### Recorded data
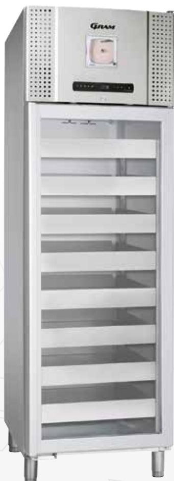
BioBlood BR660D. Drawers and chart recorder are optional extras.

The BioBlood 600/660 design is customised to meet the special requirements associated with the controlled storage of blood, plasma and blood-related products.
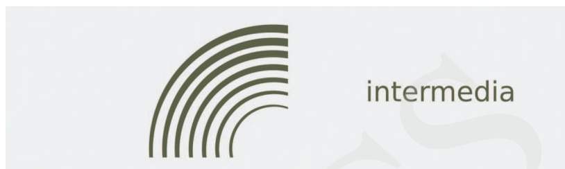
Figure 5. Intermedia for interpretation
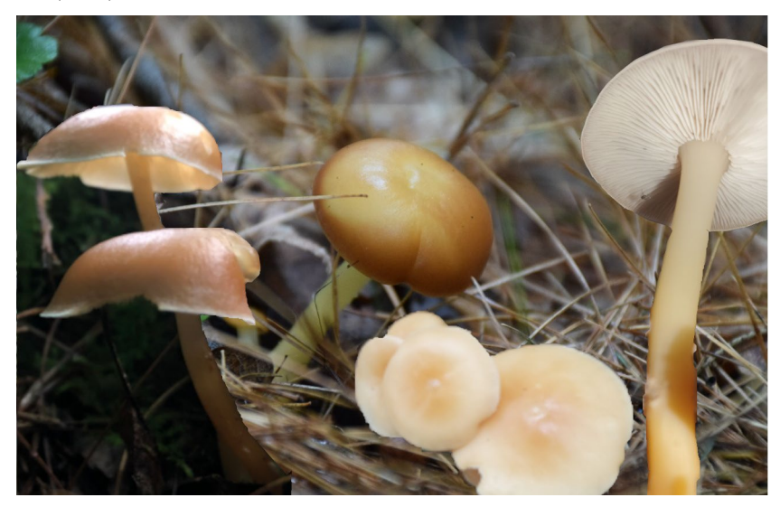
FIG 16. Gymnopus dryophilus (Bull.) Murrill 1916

### What you will do
From the line containing "Figure 5. Intermedia for interpretation" down to the end of the data above, reproduce each line exactly; no pictures.

### Reply
Figure 5. Intermedia for interpretation
FIG 16. Gymnopus dryophilus (Bull.) Murrill 1916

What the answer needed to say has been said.